What is being asked: Print only the lines below from the one with "(jc) Zum 24." to the one with "他店に行く予定でしたが、行列", both included, exactly as they stand. Leave pictures out.

** Provided entries follows **

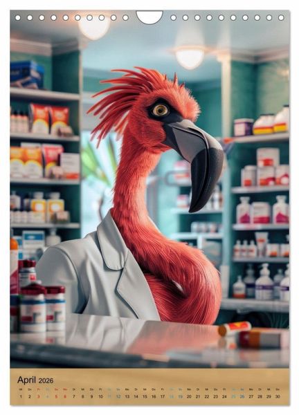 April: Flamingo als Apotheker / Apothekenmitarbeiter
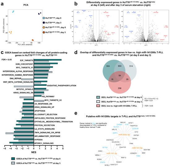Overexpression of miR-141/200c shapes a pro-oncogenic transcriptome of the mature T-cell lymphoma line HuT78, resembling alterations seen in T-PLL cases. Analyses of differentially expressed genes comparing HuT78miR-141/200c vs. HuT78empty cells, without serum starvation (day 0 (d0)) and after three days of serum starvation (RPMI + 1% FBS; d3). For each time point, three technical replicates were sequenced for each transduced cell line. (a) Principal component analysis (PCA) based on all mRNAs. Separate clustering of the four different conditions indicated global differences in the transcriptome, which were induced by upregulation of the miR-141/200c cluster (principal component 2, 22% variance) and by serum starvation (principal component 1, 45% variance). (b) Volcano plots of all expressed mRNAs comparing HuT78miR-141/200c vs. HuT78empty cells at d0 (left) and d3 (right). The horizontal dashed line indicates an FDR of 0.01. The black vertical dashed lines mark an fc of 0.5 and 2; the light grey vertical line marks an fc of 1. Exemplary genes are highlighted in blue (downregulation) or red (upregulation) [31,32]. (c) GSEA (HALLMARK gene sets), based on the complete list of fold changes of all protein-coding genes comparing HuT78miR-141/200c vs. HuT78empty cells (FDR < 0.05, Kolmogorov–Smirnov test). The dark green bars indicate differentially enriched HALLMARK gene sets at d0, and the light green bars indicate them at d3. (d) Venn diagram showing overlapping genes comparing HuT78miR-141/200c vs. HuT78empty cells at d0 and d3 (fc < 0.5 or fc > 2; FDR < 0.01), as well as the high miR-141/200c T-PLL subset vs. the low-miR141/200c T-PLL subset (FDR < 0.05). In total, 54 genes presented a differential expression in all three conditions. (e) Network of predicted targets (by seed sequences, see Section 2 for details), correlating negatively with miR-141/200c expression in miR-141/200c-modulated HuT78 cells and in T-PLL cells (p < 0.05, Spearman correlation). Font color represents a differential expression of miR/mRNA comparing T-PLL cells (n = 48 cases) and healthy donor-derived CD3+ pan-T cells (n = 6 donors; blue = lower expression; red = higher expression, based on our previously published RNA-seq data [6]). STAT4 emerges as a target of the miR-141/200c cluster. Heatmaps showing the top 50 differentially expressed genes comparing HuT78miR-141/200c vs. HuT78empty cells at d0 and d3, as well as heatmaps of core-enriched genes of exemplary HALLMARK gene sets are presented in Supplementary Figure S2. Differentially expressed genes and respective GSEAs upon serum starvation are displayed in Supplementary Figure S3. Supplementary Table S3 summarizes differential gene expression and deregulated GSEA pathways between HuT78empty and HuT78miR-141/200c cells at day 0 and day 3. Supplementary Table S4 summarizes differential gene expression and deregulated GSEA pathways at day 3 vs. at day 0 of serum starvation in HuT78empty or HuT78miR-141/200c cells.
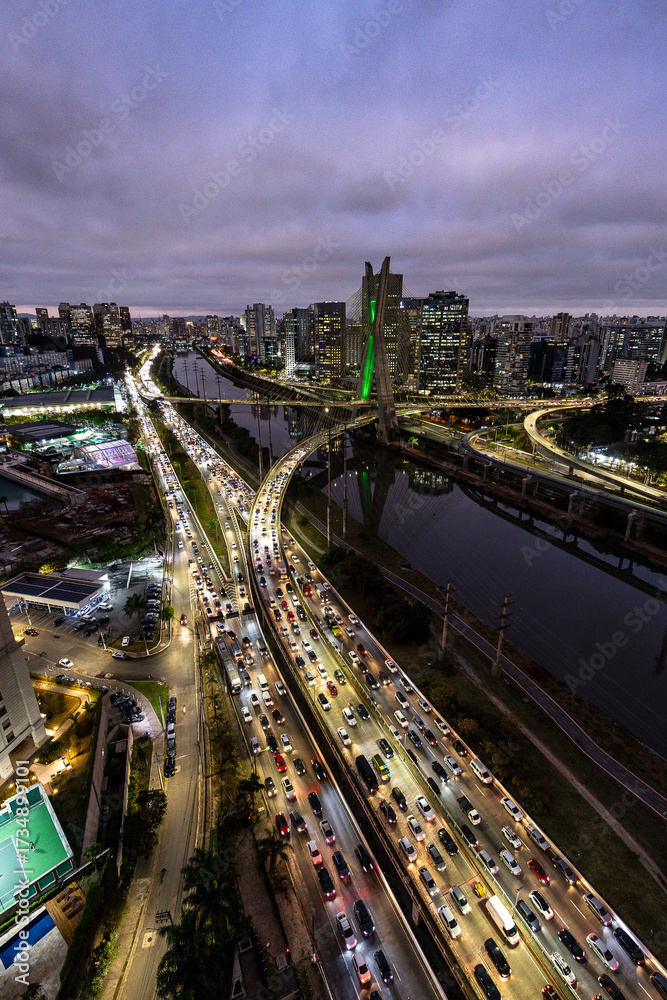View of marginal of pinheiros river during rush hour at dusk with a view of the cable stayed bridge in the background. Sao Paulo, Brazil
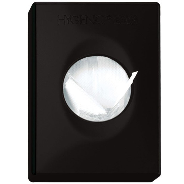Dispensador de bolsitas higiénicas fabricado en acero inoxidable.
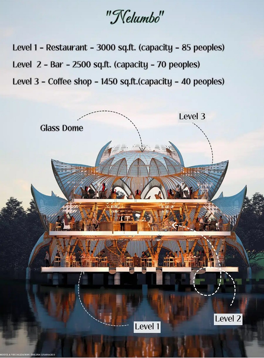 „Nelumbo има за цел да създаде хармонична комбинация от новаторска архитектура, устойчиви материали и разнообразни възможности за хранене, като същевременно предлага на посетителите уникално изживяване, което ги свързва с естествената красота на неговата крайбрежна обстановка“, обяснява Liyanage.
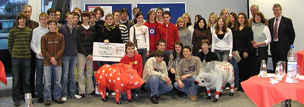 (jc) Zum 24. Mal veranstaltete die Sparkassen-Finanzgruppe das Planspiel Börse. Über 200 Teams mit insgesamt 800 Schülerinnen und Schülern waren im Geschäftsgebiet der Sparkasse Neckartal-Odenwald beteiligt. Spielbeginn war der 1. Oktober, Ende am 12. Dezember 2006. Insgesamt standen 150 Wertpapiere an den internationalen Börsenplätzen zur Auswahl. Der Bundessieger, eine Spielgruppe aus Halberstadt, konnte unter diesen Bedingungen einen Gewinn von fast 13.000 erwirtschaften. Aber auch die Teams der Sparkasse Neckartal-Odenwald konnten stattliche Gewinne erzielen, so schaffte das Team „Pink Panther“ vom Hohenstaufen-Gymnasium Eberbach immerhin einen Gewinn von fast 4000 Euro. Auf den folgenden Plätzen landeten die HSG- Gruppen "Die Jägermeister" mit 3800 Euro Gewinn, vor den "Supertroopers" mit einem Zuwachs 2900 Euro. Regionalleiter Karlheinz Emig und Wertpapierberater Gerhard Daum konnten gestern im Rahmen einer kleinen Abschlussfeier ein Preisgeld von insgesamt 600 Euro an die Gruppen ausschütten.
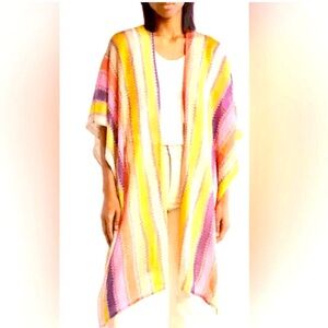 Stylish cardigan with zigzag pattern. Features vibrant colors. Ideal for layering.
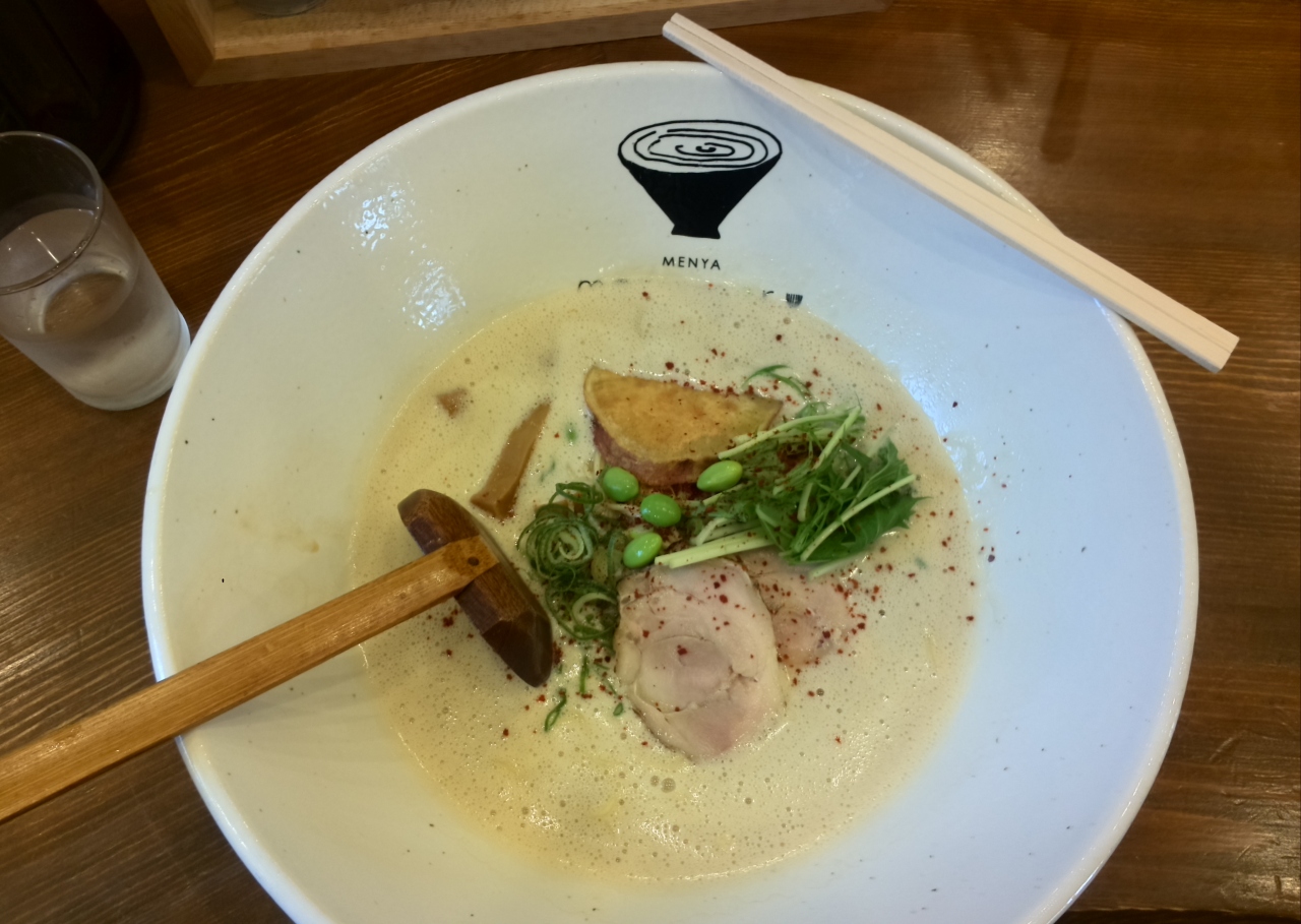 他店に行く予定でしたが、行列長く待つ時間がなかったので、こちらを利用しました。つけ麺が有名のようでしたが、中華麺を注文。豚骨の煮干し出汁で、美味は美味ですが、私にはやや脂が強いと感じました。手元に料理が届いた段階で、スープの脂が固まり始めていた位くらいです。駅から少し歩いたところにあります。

** End of Provided entries **
** Provided entries follows **

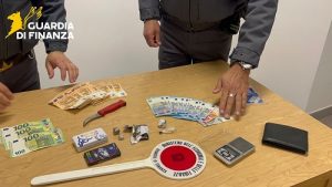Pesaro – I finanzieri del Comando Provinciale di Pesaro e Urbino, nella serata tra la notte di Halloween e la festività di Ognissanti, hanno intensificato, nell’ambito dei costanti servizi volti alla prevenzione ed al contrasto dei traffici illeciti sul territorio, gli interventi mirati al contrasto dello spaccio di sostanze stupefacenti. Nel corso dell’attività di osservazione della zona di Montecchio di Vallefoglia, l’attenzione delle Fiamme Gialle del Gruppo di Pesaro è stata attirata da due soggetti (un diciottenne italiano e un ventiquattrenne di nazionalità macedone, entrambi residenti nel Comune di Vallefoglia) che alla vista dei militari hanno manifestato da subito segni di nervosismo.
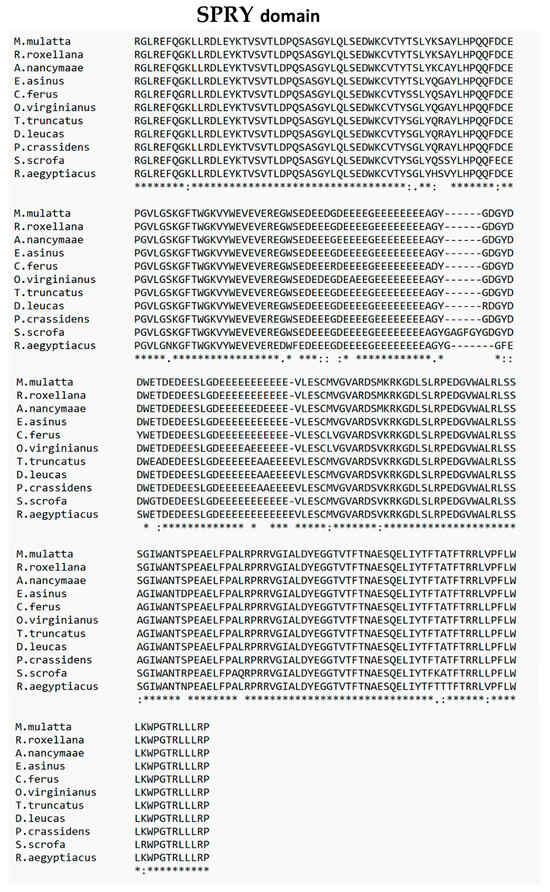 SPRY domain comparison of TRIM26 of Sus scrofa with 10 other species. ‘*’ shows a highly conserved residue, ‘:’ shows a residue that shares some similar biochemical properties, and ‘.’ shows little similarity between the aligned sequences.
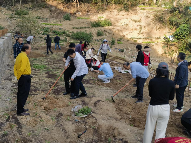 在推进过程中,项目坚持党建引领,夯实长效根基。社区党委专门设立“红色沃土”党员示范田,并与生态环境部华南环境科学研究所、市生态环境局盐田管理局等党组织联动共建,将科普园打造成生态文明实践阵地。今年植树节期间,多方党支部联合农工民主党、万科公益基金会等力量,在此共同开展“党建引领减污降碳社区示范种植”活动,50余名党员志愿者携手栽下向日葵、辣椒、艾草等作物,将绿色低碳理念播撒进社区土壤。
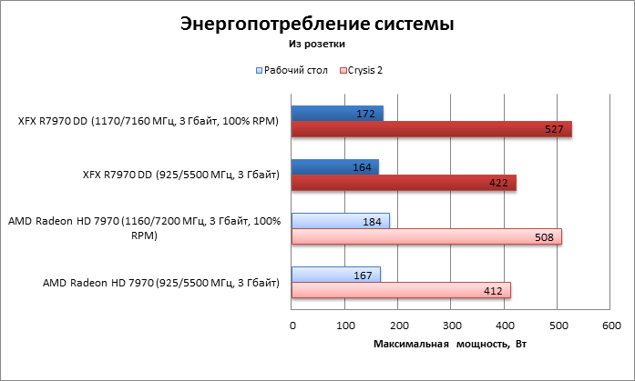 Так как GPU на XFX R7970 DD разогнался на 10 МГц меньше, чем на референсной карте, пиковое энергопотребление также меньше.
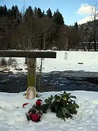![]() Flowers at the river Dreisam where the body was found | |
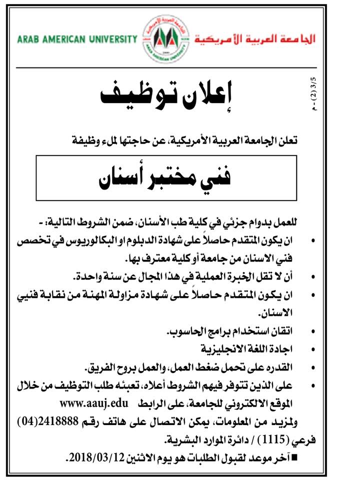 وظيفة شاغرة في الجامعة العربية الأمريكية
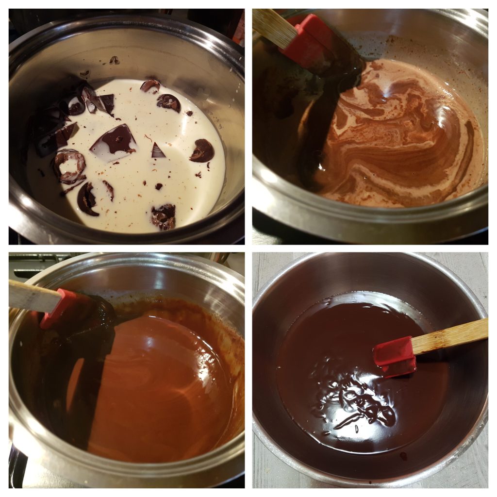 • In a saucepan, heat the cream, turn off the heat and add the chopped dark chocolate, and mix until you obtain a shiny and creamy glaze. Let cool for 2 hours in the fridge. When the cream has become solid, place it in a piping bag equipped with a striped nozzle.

** End of Provided entries **

Exercise response:
 (jc) Zum 24. Mal veranstaltete die Sparkassen-Finanzgruppe das Planspiel Börse. Über 200 Teams mit insgesamt 800 Schülerinnen und Schülern waren im Geschäftsgebiet der Sparkasse Neckartal-Odenwald beteiligt. Spielbeginn war der 1. Oktober, Ende am 12. Dezember 2006. Insgesamt standen 150 Wertpapiere an den internationalen Börsenplätzen zur Auswahl. Der Bundessieger, eine Spielgruppe aus Halberstadt, konnte unter diesen Bedingungen einen Gewinn von fast 13.000 erwirtschaften. Aber auch die Teams der Sparkasse Neckartal-Odenwald konnten stattliche Gewinne erzielen, so schaffte das Team „Pink Panther“ vom Hohenstaufen-Gymnasium Eberbach immerhin einen Gewinn von fast 4000 Euro. Auf den folgenden Plätzen landeten die HSG- Gruppen "Die Jägermeister" mit 3800 Euro Gewinn, vor den "Supertroopers" mit einem Zuwachs 2900 Euro. Regionalleiter Karlheinz Emig und Wertpapierberater Gerhard Daum konnten gestern im Rahmen einer kleinen Abschlussfeier ein Preisgeld von insgesamt 600 Euro an die Gruppen ausschütten.
 Stylish cardigan with zigzag pattern. Features vibrant colors. Ideal for layering.
 他店に行く予定でしたが、行列長く待つ時間がなかったので、こちらを利用しました。つけ麺が有名のようでしたが、中華麺を注文。豚骨の煮干し出汁で、美味は美味ですが、私にはやや脂が強いと感じました。手元に料理が届いた段階で、スープの脂が固まり始めていた位くらいです。駅から少し歩いたところにあります。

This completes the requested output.